> _PROMPT_:
Any picture in the data below gets skipped; print all the rest exactly.

> _THE DATA_:
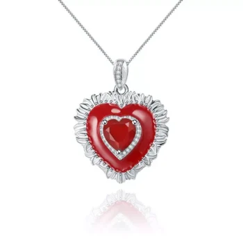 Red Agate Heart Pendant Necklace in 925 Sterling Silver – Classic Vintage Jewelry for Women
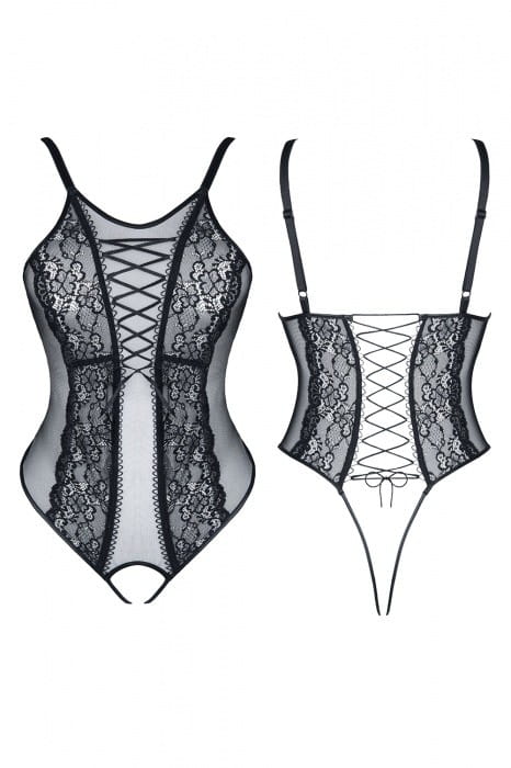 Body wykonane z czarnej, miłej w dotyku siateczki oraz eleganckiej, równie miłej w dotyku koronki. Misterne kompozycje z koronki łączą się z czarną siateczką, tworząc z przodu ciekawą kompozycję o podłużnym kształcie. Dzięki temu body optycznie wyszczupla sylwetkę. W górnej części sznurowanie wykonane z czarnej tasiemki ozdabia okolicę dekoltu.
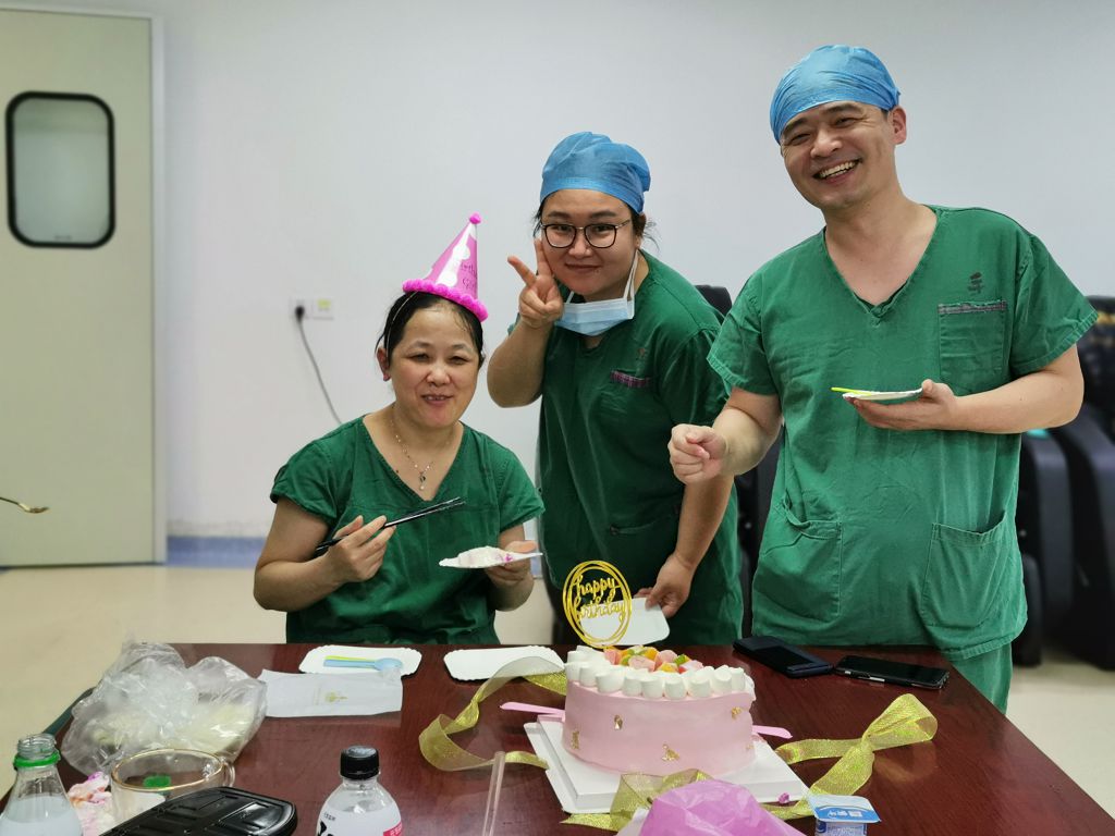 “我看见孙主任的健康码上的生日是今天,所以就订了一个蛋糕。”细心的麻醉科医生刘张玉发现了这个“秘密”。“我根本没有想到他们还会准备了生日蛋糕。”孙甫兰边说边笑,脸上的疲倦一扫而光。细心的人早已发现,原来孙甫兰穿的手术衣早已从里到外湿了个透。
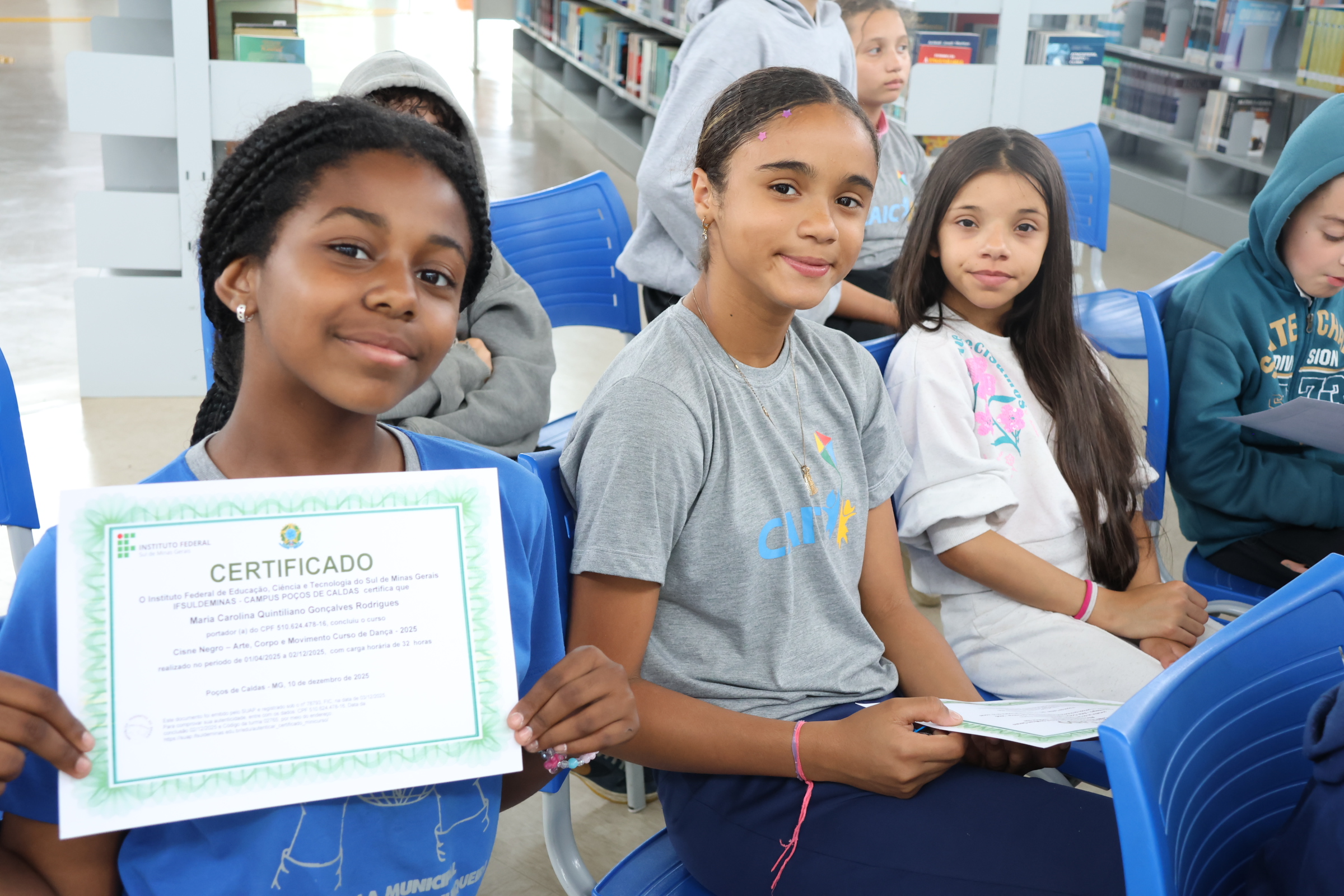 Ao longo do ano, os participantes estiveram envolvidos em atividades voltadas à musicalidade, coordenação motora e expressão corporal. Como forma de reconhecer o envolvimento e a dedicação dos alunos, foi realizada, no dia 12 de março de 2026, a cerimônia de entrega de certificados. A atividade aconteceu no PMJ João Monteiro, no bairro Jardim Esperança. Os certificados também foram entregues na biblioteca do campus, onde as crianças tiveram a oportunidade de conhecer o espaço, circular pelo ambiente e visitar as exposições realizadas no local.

> _ANSWER BOX_:
 Red Agate Heart Pendant Necklace in 925 Sterling Silver – Classic Vintage Jewelry for Women
 Body wykonane z czarnej, miłej w dotyku siateczki oraz eleganckiej, równie miłej w dotyku koronki. Misterne kompozycje z koronki łączą się z czarną siateczką, tworząc z przodu ciekawą kompozycję o podłużnym kształcie. Dzięki temu body optycznie wyszczupla sylwetkę. W górnej części sznurowanie wykonane z czarnej tasiemki ozdabia okolicę dekoltu.
 “我看见孙主任的健康码上的生日是今天,所以就订了一个蛋糕。”细心的麻醉科医生刘张玉发现了这个“秘密”。“我根本没有想到他们还会准备了生日蛋糕。”孙甫兰边说边笑,脸上的疲倦一扫而光。细心的人早已发现,原来孙甫兰穿的手术衣早已从里到外湿了个透。
 Ao longo do ano, os participantes estiveram envolvidos em atividades voltadas à musicalidade, coordenação motora e expressão corporal. Como forma de reconhecer o envolvimento e a dedicação dos alunos, foi realizada, no dia 12 de março de 2026, a cerimônia de entrega de certificados. A atividade aconteceu no PMJ João Monteiro, no bairro Jardim Esperança. Os certificados também foram entregues na biblioteca do campus, onde as crianças tiveram a oportunidade de conhecer o espaço, circular pelo ambiente e visitar as exposições realizadas no local.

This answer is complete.